Another potential model struck this morning:

  1. Scrap all the current merger rules
  2. Starting after the third General Dividend players may start capitalising the secondary companies. As soon as a share sells (two? three?) they may start operating.
  3. Should a secondary company build into another operating companies home station (using its own track) the other company is absorbed, shares trade up etc and there’s a special dividend for the secondary company

ObNote: This model may unduely protect the LB&SCR and EUR and unduly weaken the NER. It may also require adjusting the rule-of-three track building rules.

Getting to the port

The port pricing is still a problem but the base game seems to be cleaning up well. I’ve also made the art a little more functional, noting the starting stations and the like, fixing a few small track problems (eg Blackpool) and such forth. Nothing major.

map-3

Walk like an Egyptian

Today’s comment should amuse the punters. From Games with strong theme:

Ra is dripping with theme. Look at your role in the game as the steering patriarch of a family dynasty that invests in the Egyptian civilisation over generations. What balance of investments will best carry your people forward? Feeding them with floods? Monuments to their glory? The favours and wealth of the gods? More pharoahs to carry the torch? Perhaps the technologies of civilisation: mathematics, weights and measures, granaries etc. Which family line will hold the first rank in creating Egypt’s status in the world and history?

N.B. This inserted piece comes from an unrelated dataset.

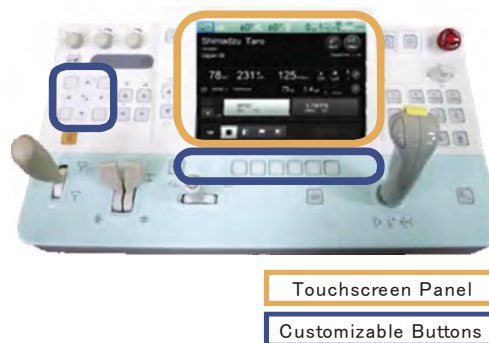
Fig. 8 Remote Console

The remote console has 10 customizable buttons and the local console has 8 or 10 customizable buttons that can be configured according to the uses of the hospital, with a resulting substantial increase in examination efficiency. The presence of customizable buttons on an R/F system that is used in a variety of situations is testament to the thoughtfulness of Shimadzu. Since we perform a large number of stomach fluoroscopy examinations and enema examinations at this hospital, many of the buttons have been allocated to inch switching.

And yet is is merely a set collection game. The depth of theme, like any game, is merely in how one chooses to look at it. It is a pure elective. All games are abstract. The rest are the trappings of self-deception that we distract and amuse ourselves with.

Sig Action!

Seth Jaffee commented approvingly on the BGDF chat on my making actions in Muck & Brass mandatory, unlike the optional actions in Wabash Cannonball. I replied that while I’d have a hard time phrasing a strong argument for making them mandatory, I was convinced that it was necessary.

Later in the resulting (brief) conversation it struck me: A significant portion of good play in Wabash Cannonball centres around controlling the game length in terms of General Dividends. For instance in a 3 player game selecting Capitalisation once without auctioning a share will often add an additional General Dividend to the game, doing it twice makes that near guaranteed, thrice and you’ll sometimes get a second additional General Dividend. As a result Wabash Cannonball has control of game length as a central challenge in the game. But control of game-length is not central to Muck & Brass so supporting a strong mechanism to affect game length would distract from the actual core foci of the game (network potentials, financial leverage, emergent alliances etc) and should thus be avoided.

ObAside: The sway point in Wabash Cannonball appears to be at 3 passed Capitalisations for 3 players as past that and games start ending more frequently from track cubes than they do from shares, thus requiring passing on Expand to gain further General Dividends.

Driving trains by braille

Several small changes based on simulation runs:

  1. Setup vs game start rules clarified
  2. As each initial share is auctioned that company builds a free link
  3. Initial turn order after auction is now cash-based rather than starting with the L&MR player
  4. Action rotation clarified
  5. Actions are now explicitly stated as mandatory (unlike Wabash Cannonball)
  6. Foreign Links may not be built until after the 3rd general dividend. (not sure this is needed)
  7. Expand action requalified to limit builds to not more than three connections out from any city, and not all the connections from any city with more than two connections. This allows the dead ends (like Thurso and Penzance) to be interesting as well as the many two-connection way-stops
  8. Clarified cases of merger shares auctioned without bids.